Start of Supplied records
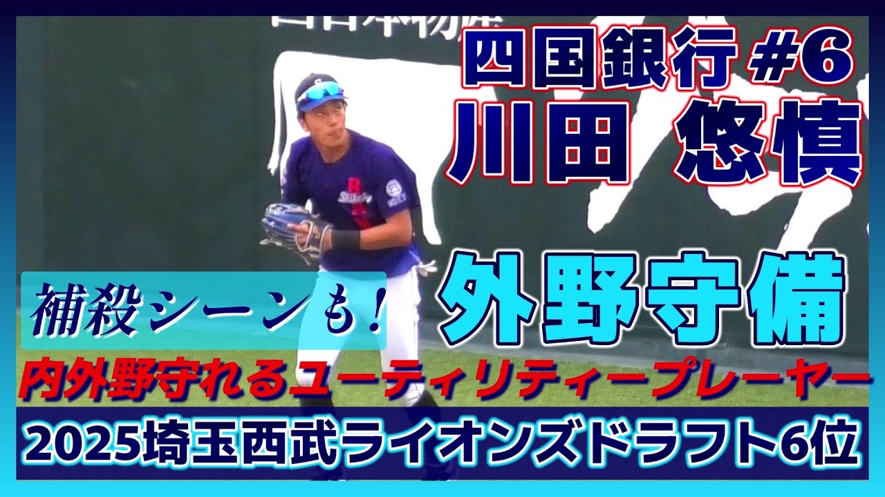 【≪2025埼玉西武ライオンズドラフト6位/外野守備/補殺シーン≫盗塁王を目指す!守備は内外野こなすユーティリティープレーヤー/2025日本選手権四国最終予選】四国銀行・川田 悠慎(高知高-四国銀行)
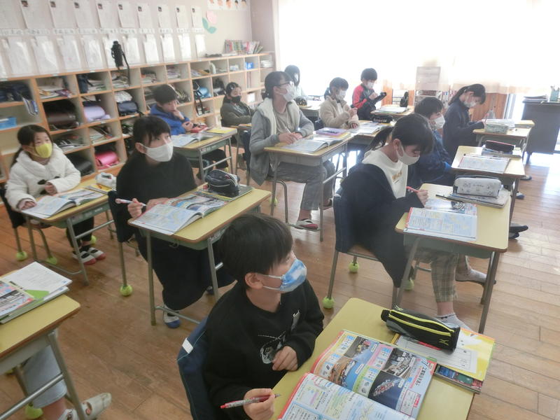 5年生は国語で、新聞の構成や工夫について調べる学習をしていました。1ページ1ページめくりながら、分かったことをまとめることができました(^^)/
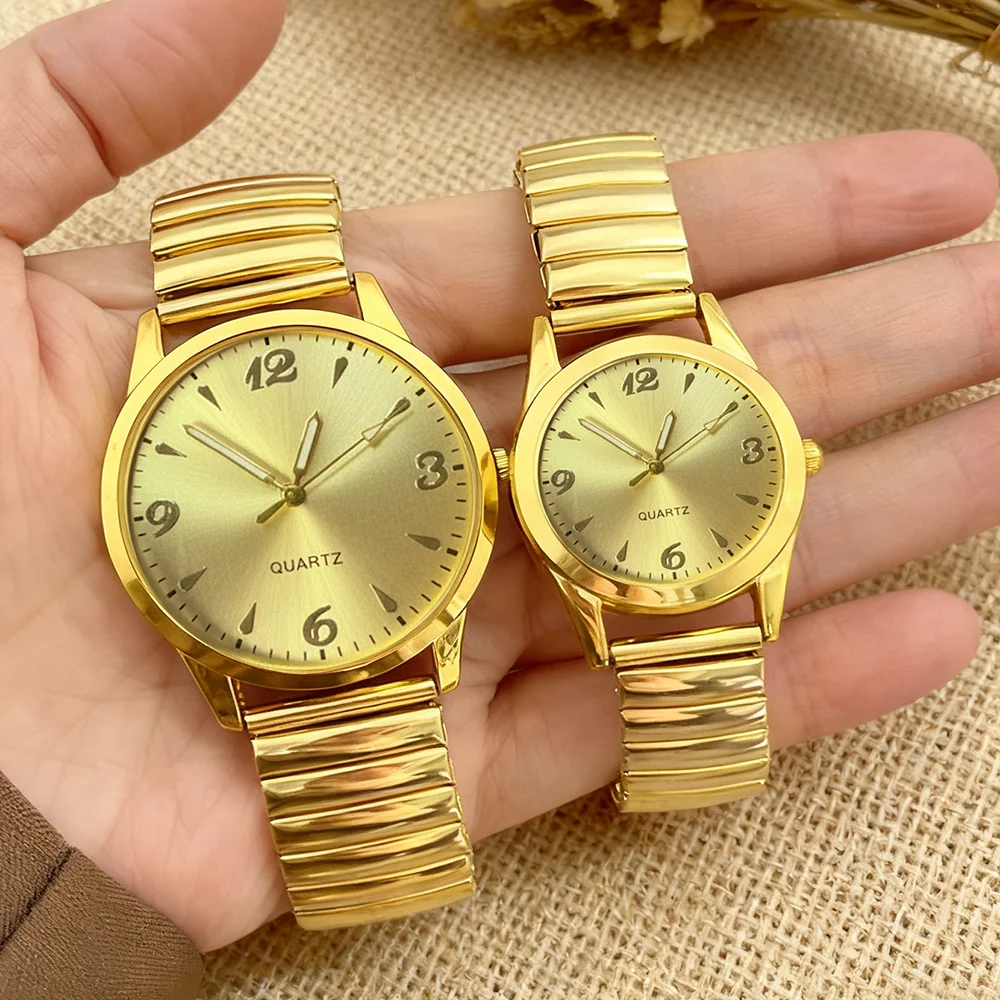 2개 세트 골드 커플 시계 세트 트렌디 럭셔리 디지털 스케일 쿼츠 시계 일상 의류 매칭에 적합 완벽한 선물
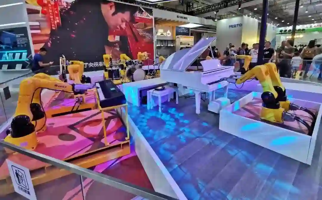 格力机器人乐队现场弹奏《五星红旗迎风飘扬》,演绎“乐队的夏天”,赢得满堂喝彩。
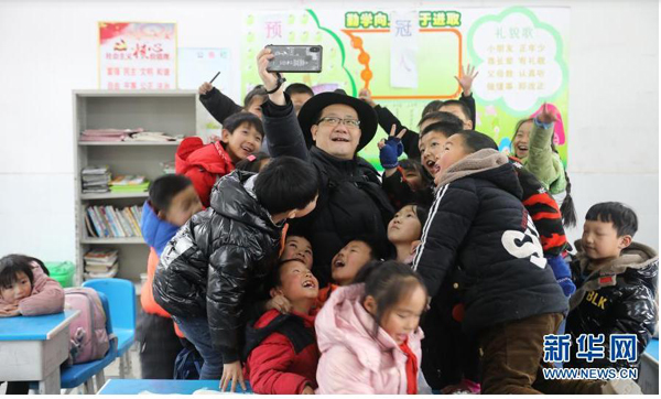 2020年12月17日,植國明在大灣小學(xué)和孩子們自拍。新華社記者 曹力攝
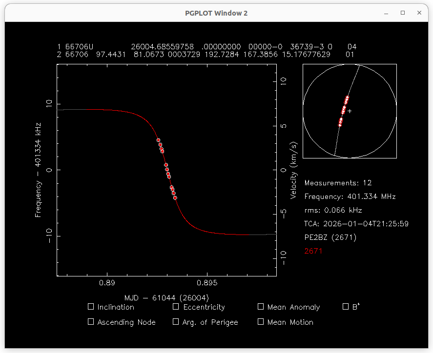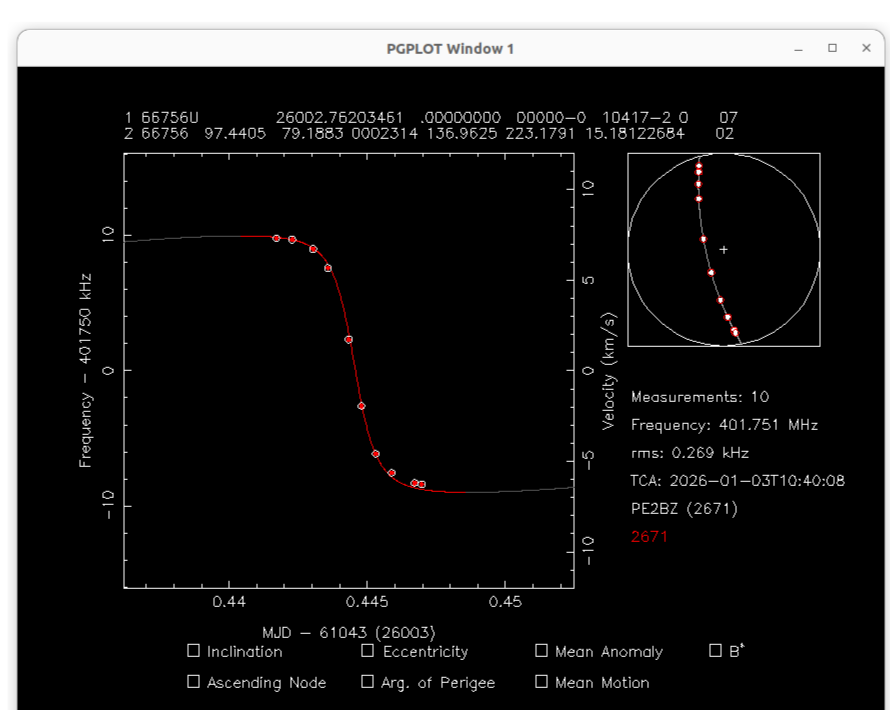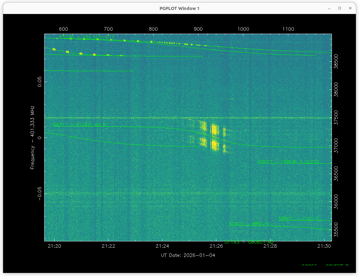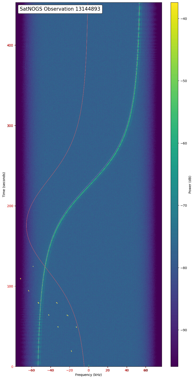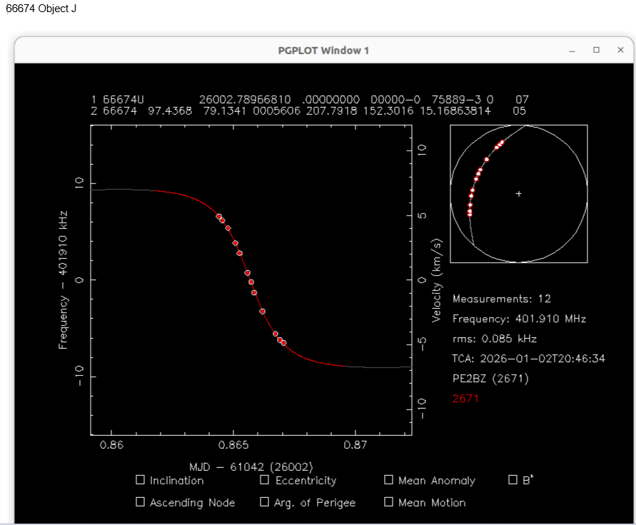 Not sure if we are referring the same blips, I’ve painted a little bolder the blips I’ve seen in this waterfall and my results shows that on the latest TLE objects 66682 and 66670 fit them. The ones you set as candidates looks to be close but not good fits. Another note that 66670 is almost sure that is HUNITY (still with the recent changes it needs verification) and also 66670 is almost 2 days old TLE.
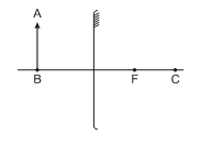 Com base no esquema da figura, assinale a alternativa que representa corretamente o gráfico da imagem do objeto AB, colocado perpendicularmente ao eixo principal de um espelho esférico convexo.
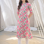 Pink Floral Printed Cotton Flax A-Line Kurta
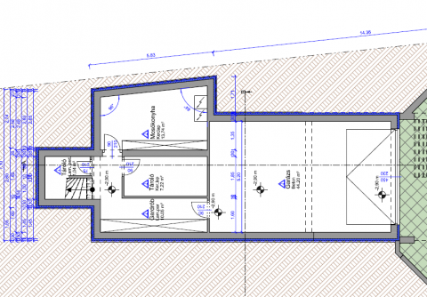 * alsó szint: duplagarázs, fedett autóbeálló, tároló helyiségek, gardróbszoba, gépészet
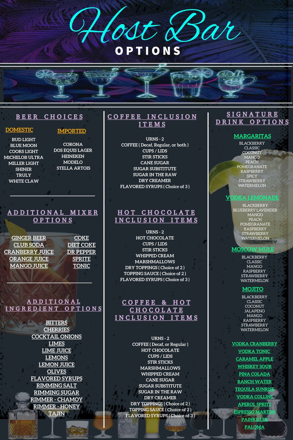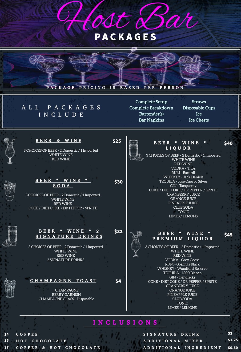 Inclusion signature drinks pricing does not include additional cups, only the signature drink materials. Additional cups will cost $0.25 per person, per additional signature drink.
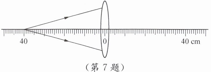 7. 在“探究凸透镜成像的规律”实验中,当把物体放在距凸透镜 40 cm 处时,在另一侧距凸透镜 40 cm 处得到一个倒立、等大的实像。下列说法中正确的是( )。
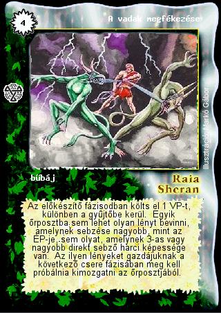 Szöveg: Az előkészítő fázisodban költs el 1 VP-t, különben a gyűjtőbe kerül. Egyik őrposztba sem lehet olyan lényt bevinni, amelynek sebzése nagyobb, mint az ÉP-je, sem olyat, amelynek 3-as vagy nagyobb direkt sebző harci képessége van. Az ilyen lényeket gazdájuknak a következő csere fázisában meg kell próbálnia kimozgatni az őrposztjából.
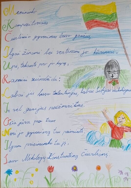 Beatričė Jasiūnaitė, 4b klasės mokinė, Tarptautiniame nuotoliniame 4 klasių lietuvių kalbos konkurse-viktorinoje „KALBA YRA MŪSŲ TAUTA... KALBA ESAME MES“, skirtame Mikalojaus Konstantino Čiurlionio 150-osioms gimimo metinėms, laimėjo I vietą. Mokytoja Geta Pečiulienė. Konkursą organizavo Erudito licėjus. Mokinė turėjo parengti namų darbą – akrostichą „ČIURLIONIS“. Dalyviams buvo parengtos įdomios ir įtraukios užduotys, kurias atlikdami pademonstravo ir praplėtė savo krašto pažinimo, gimtosios kalbos (gramatikos, teksto suvokimo) žinias, gebėjimus bei literatūrinę patirtį.
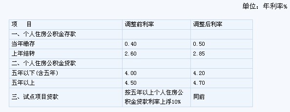 一、從2011年4月6日起,上調個人住房公積金存款利率。當年歸集的個人住房公積金存款利率上調0.1個百分點,由0.40%上調至0.50%;上年結轉的個人住房公積金存款利率上調0.25個百分點,由2.60%上調至2.85%。
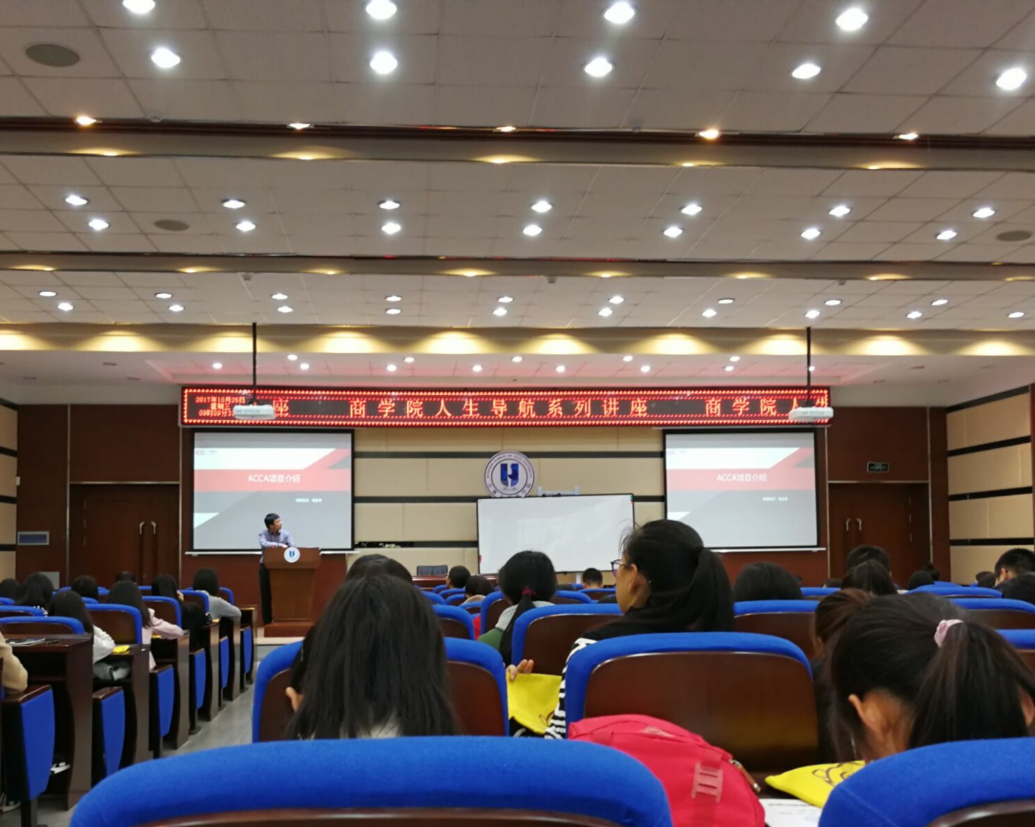 10月25日上午9点,我们邀请到中博教育集团董事长毛金明先生在东荣B310进行了一场主题为人生导航的讲座,allwincity万象城2017级新生参加了这次讲座。
End of Supplied records
• _Directions_:
From the data above, return only the lines starting at the line that holds "cm 处得到一个倒立、等大的实像。下列说法中正确的是( )。" and ending at the line that holds "Szöveg: Az előkészítő", word for word and without pictures.

• _Solution to the problem_:
 7. 在“探究凸透镜成像的规律”实验中,当把物体放在距凸透镜 40 cm 处时,在另一侧距凸透镜 40 cm 处得到一个倒立、等大的实像。下列说法中正确的是( )。
 Szöveg: Az előkészítő fázisodban költs el 1 VP-t, különben a gyűjtőbe kerül. Egyik őrposztba sem lehet olyan lényt bevinni, amelynek sebzése nagyobb, mint az ÉP-je, sem olyat, amelynek 3-as vagy nagyobb direkt sebző harci képessége van. Az ilyen lényeket gazdájuknak a következő csere fázisában meg kell próbálnia kimozgatni az őrposztjából.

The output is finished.